Zwane ‘is mining’s biggest problem’
The problem confronting the country’s mining sector on the legislative front is not the act under which companies are operating, but Mineral Resources Minister Mosebenzi Zwane, politics, inexperience in his department and too much discretion exercised by officials, say experts in the sector.
The problem confronting the country’s mining sector on the legislative front is not the act under which companies are operating, but Mineral Resources Minister Mosebenzi Zwane, politics, inexperience in his department and too much discretion exercised by officials, say experts in the sector.
A panel of lawyers and Jacinto Rocha, the former deputy director-general in the department, spoke at the Joburg Indaba mining conference on the reasons for SA’s poor performance compared with its neighbour Botswana and other jurisdictions. “If things have to change, Zwane has to go.
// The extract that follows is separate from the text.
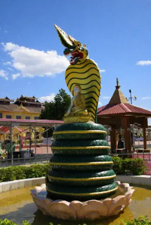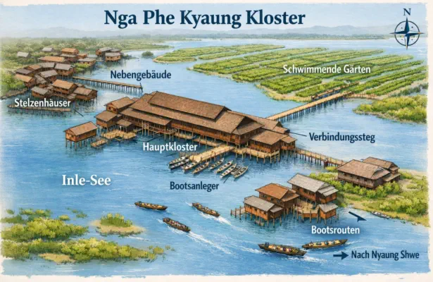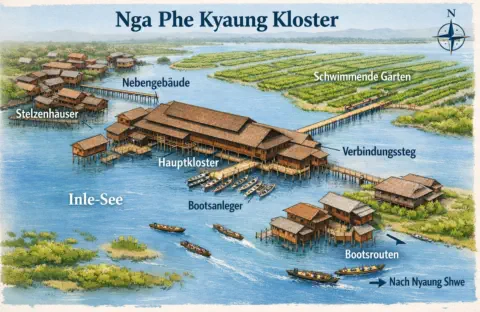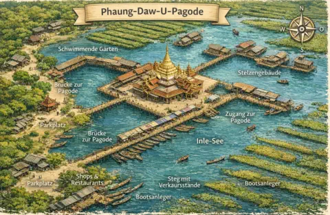 Er liegt nahe dem Dorf In-Dein am Inle-See und beeindruckt durch seine historische und ruhige Atmosphäre.

He does not have the interests of this industry at heart. He has been captured. We will not move forward if he’s in charge,” said Hulme Scholes, a director at lawyers Malan Scholes, which is taking the department to court to have the Mining Charter set aside.
The minister has been linked to the Gupta family, which has unduly benefited from its close ties to President Jacob Zuma, members of his government and managements of stateowned enterprises.
The Mineral and Petroleum Development Act was “well designed and crafted but its implementation has become political rather than administrative”, Scholes said.
Peter Leon of Herbert Smith Freehills said the minister and his officials had far too much discretionary power. In Botswana, the civil service was not politicised and promotions were based on merit.
Rocha said if he could whisper in Zwane’s ear, his message would be that the minister was destroying what had been built since 1994 with the act, the charters and the human capacity within the chamber — and to plead with him to stop it.